> _Work request_
Output nothing but the lines from the beginning of the listing below through the line containing "All-Clad D3 3-Ply", exactly as they stand, without pictures.

> _Information provided_
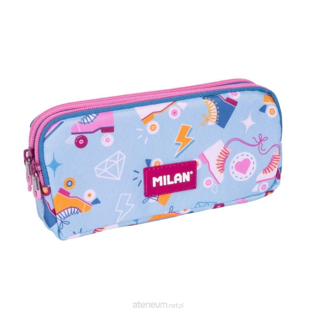 Piórnik saszetka MILAN z 3 szerokimi przegródkami ułatwiającymi organizację zawartości. Kolekcja Roller 2 z nadrukiem inspirowanym retro wrotkami 4-kołowymi. Nadruk stworzony z palety odcieni błękitu, musztardy i różu. Materiał zewnętrzny i wewnętrzny 100% poliester. Wymiary: 22 x 11 x 6,5 cm
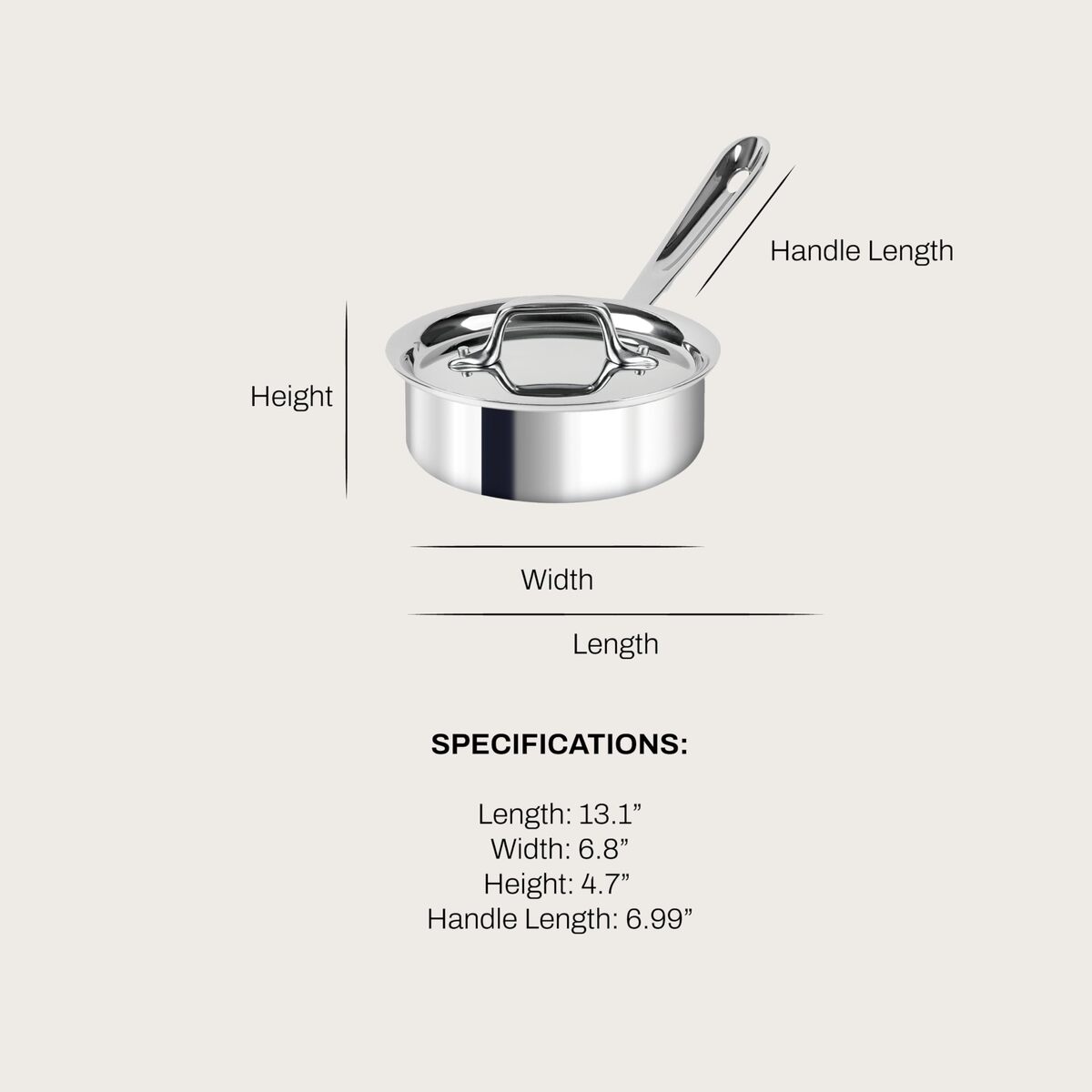 All-Clad D3 3-Ply Stainless Steel Sauce Pan 1 Quart Induction Oven Broiler Safe
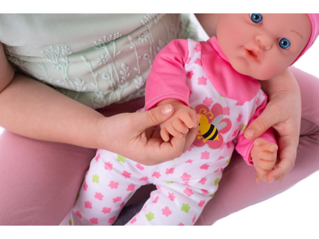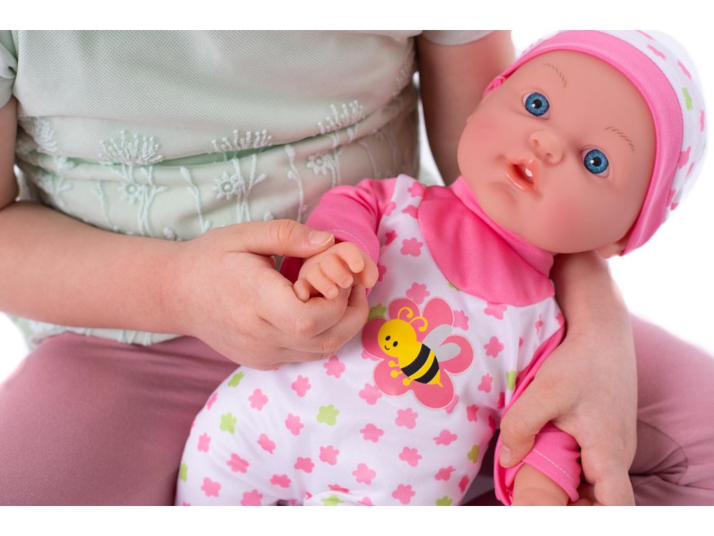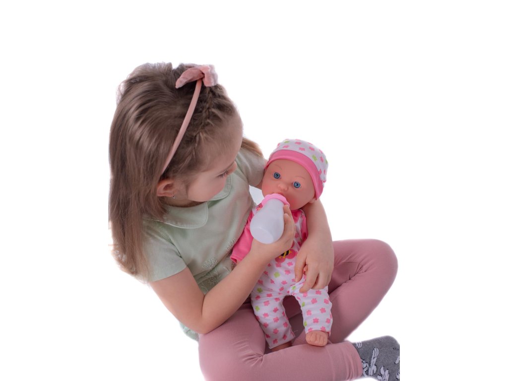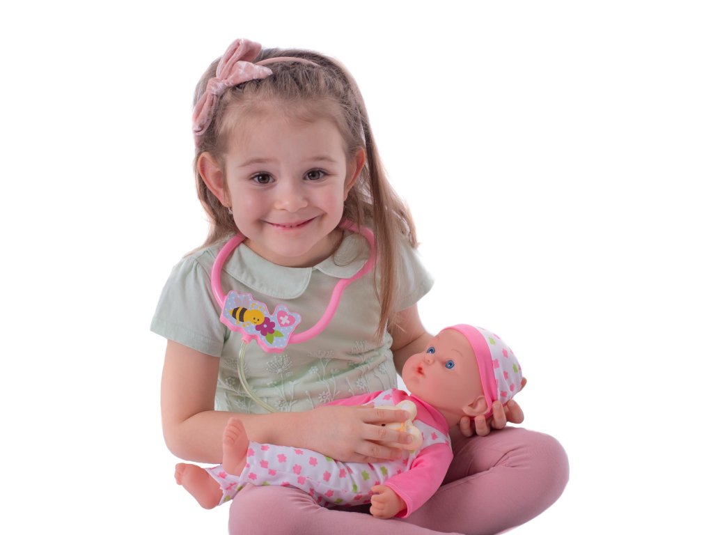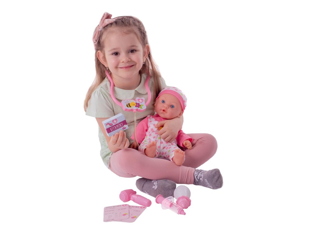Nemocné miminko, které potřebuje pomoc od malých maminek či budoucích lékařek. K tomu jsou potřeba zdravotnické potřeby, které sada obsahuje.Panenka má měkké tělo a je se zvukem a světlem. Po stisknutí ručičky jí zčervenají tvářičky a začne kašlat. Přilož stetoskop na srdíčko a uslyšíš jeho tlukot. Po injekci začne miminko plakat. Dej miminku lahvičku do pusinky a poslouchej, jak pije. Uzdrav svoje miminko. Balení obsahuje stetoskop, injekční stříkačku, kukátko do uší, lahvičku, krabičku s nápisem VITAMÍNY a kartu pacienta. Panenka je velikosti 36 cm. Baterie 3x AG13 jsou součástí balení a slouží pouze pro předváděcí účely, doporučujeme baterie vyměnit za nové.
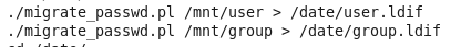 16,、分別使用./migrate_passwd.pl ./migrate_group.pl編譯我們已經(jīng)導出的ldap用戶和組文件: /mnt/user /mnt/group分別是從/etc/passwd /etc/group 導出的ldap用戶和組文件

> _Exercise output_
 Piórnik saszetka MILAN z 3 szerokimi przegródkami ułatwiającymi organizację zawartości. Kolekcja Roller 2 z nadrukiem inspirowanym retro wrotkami 4-kołowymi. Nadruk stworzony z palety odcieni błękitu, musztardy i różu. Materiał zewnętrzny i wewnętrzny 100% poliester. Wymiary: 22 x 11 x 6,5 cm
 All-Clad D3 3-Ply Stainless Steel Sauce Pan 1 Quart Induction Oven Broiler Safe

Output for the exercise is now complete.